Introducing a new perspective to our Wednesday Feature!


poet of the month: Kirsten Cliff Elliot

January 24, 2024


hoping I'll know

when I've become whole . . .

so much to learn

watching the sunflowers

watching the sun


LYNX XXVIII:2 (June, 2013) from 'Uncharted Depths' tanka sequence with Kat Creighton


sipping coffee


to the sound of dead leaves


sweeping across the path . . .


my definition of success


changing day by day


A Hundred Gourds 3:1 (December, 2013)


Our warmest thanks to Kirsten Cliff Elliot for sharing her very lovely tanka and thoughts with us. Much to reflect on and learn here.


4.

TTH: Who are your favourite tanka poets? In addition to tanka what other genres of poetry do you write or read? Tell us about some of the books you've enjoyed. 


Kirsten: When I think of people’s tanka that inspires and resonates with me I immediately think of Margaret Dornaus, Debbie Strang, Pamela A. Babusci, Claire Everett and in years past Svetlana Morisova, Hortensia Anderson, Kat Creighton and Andre Surridge (the latter four poets have passed away). As well as tanka, I read all of the genres within haikai and don't stray far unless something particularly catches my eye. Most recently that was What the Water Gave Me: Poems After Frida Kahlo by Pascale Petit. I came across this when creating a poetry book display in the library for National Poetry Day. I’m a huge fan of Frida Kahlo as I can relate to her pain and suffering and this collection didn’t disappoint. I also love novels written in verse (also called ‘verse novels’) and read a lot of these, anything I can get my hands on, mostly young adult fiction. I’m writing one myself, which I started in 2018 and has been on pause for a couple of years; I’m always hoping I’ll get time to go back to it.


5.

TTH: Can you give any advice to someone wanting to write and publish tanka? As an editor what are you looking for in a tanka that makes it most likely to get published? 

  

Kirsten: My advice to budding tanka poets is to read, and maybe go to a tanka workshop if you can. I learn best by doing and by imitation. I study what others have done that I like then try to replicate that. From this, I can develop a good technique. It’s about learning the basics of how to build a tanka poem and following those guidelines before breaking the rules. Starting out this way means, if you get lost, you'll always be able to find your way back. A book I would come back to if I got stuck, felt unsure or just hadn’t written tanka for a long time, would be Modern Japanese Tanka: An Anthology by Makoto Ueda and the journal Moonbathing: A Journal of Women’s Tanka edited by Pamela A. Babusci. What I am looking for in a tanka is beauty, truth and resonance.

Bio note:

Kirsten Cliff Elliot describes herself as a reader, writer and librarian from New Zealand, now living in England. She also identifies as Queer and chronically ill/disabled.
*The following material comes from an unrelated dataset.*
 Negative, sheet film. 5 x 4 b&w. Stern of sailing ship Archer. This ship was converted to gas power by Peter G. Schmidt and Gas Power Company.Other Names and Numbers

Kirsten has been writing and publishing haikai since 2007 and has taught poetry workshops in schools and online. She was formerly the editor of the haikai section of the New Zealand Poetry Society magazine, a fine line. She also judged the junior section of their International Haiku Competition in 2013. Kirsten published an e-chapbook of haiku and tanka in 2011, thinking of you: twenty poems of love, which she distributed as a free gift for Valentine’s Day. In 2019, her first full-length collection of haiku and tanka came out, Patient Property: a journey through leukaemia (Velvet Dusk Publishing), which was shortlisted in The Haiku Foundation’s Touchstone Distinguished Books Award 2019. Copies are available for purchase HERE. Outside of writing, reading and exploring England with her husband, she is most involved with CILIP: The library and information association (UK) as: Digital Champion for the LGBTQ+ Network; an assessor on the Professional Registration Panel; and was recently named in the CILIP 125, a list of the next generation of professionals who will lead the sector into a new age of information.
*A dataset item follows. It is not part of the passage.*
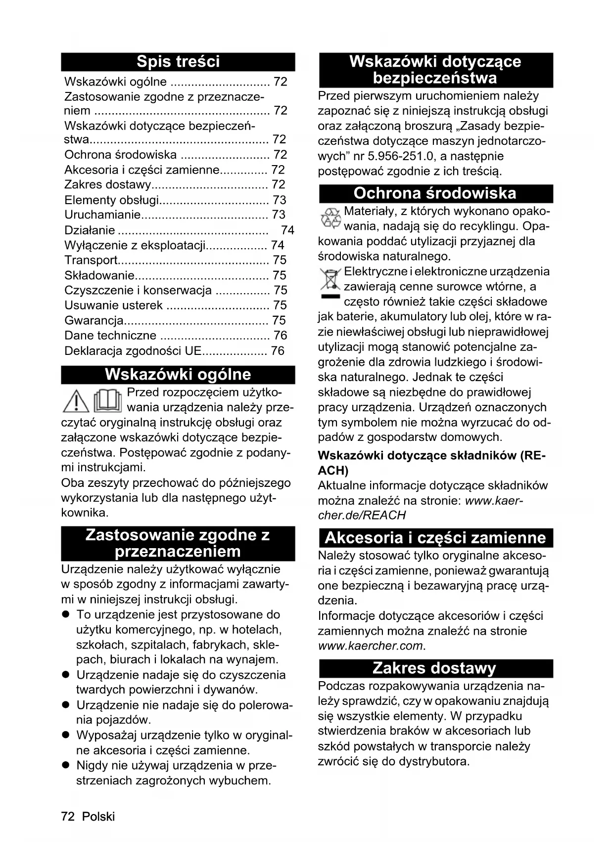 - dB(A) 77,272 Polski Spis treści Wskazówki ogólne Przed rozpoczęciem użytko- wania urządzenia należy prze- czytać oryginalną instrukcję obsługi oraz załączone wskazówki dotyczące bezpie- czeństwa. Postępować zgodnie z podany- mi instrukcjami. Oba zeszyty przechować do późniejszego wykorzystania lub dla następnego użyt- kownika. Zastosowanie zgodne z przeznaczeniem Urządzenie należy użytkować wyłącznie w sposób zgodny z informacjami zawarty- mi w niniejszej instrukcji obsługi. To urządzenie jest przystosowane do użytku komercyjnego, np. w hotelach, szkołach, szpitalach, fabrykach, skle- pach, biurach i lokalach na wynajem. Urządzenie nadaje się do czyszczenia twardych powierzchni i dywanów. Urządzenie nie nadaje się do polerowa- nia pojazdów. Wyposażaj urządzenie tylko w oryginal- ne akcesoria i części zamienne. Nigdy nie używaj urządzenia w prze- strzeniach zagrożonych wybuchem. Wskazówki dotyczące bezpieczeństwa Przed pierwszym uruchomieniem należy zapoznać się z niniejszą instrukcją obsługi oraz załączoną broszurą „Zasady bezpie- czeństwa dotyczące maszyn jednotarczo- wych” nr 5.956-251.0, a następnie postępować zgodnie z ich treścią. Ochrona środowiska Materiały, z których wykonano opako- wania, nadają się do recyklingu. Opa- kowania poddać utylizacji przyjaznej dla środowiska naturalnego. Elektryczne i elektroniczne urządzenia zawierają cenne surowce wtórne, a często również takie części składowe jak baterie, akumulatory lub olej, które w ra- zie niewłaściwej obsługi lub nieprawidłowej utylizacji mogą stanowić potencjalne za- grożenie dla zdrowia ludzkiego i środowi- ska naturalnego. Jednak te części składowe są niezbędne do prawidłowej pracy urządzenia. Urządzeń oznaczonych tym symbolem nie można wyrzucać do od- padów z gospodarstw domowych. Wskazówki dotyczące składników (RE- ACH) Aktualne informacje dotyczące składników można znaleźć na stronie: www.kaer- cher.de/REACH Akcesoria i części zamienne Należy stosować tylko oryginalne akceso- ria i części zamienne, ponieważ gwarantują one bezpieczną i bezawaryjną pracę urzą- dzenia. Informacje dotyczące akcesoriów i części zamiennych można znaleźć na stronie www.kaercher.com. Zakres dostawy Podczas rozpakowywania urządzenia na- leży sprawdzić, czy w opakowaniu znajdują się wszystkie elementy. W przypadku stwierdzenia braków w akcesoriach lub szkód powstałych w transporcie należy zwrócić się do dystrybutora. Wskazówki ogólne p. 72

Challenge for this week: When one takes the time to observe the little things in nature, its changing moods, its colours and sounds, its varied forms of life, one learns some of the finest and deepest lessons and one changes in subtle ways quite spontaneously: like the poet one may start redefining fluidly what ‘success’ or worldly fulfillment is, or one may hope like the poet (who is ‘watching the sunflowers / watching the sun’ ) to ‘know / when I’ve [one has] become whole’.


Write tanka centered around this theme: something observed in nature changed the way you looked at yourself or your life and aspirations.


Important: Since we're swamped with submissions, and our editors are only human, mistakes can happen. Please, please, remember to put your name, followed by your country, below each poem, even after revisions. It really helps our editors; they won't have to type it in, saving them from potential typos. Thanks a ton!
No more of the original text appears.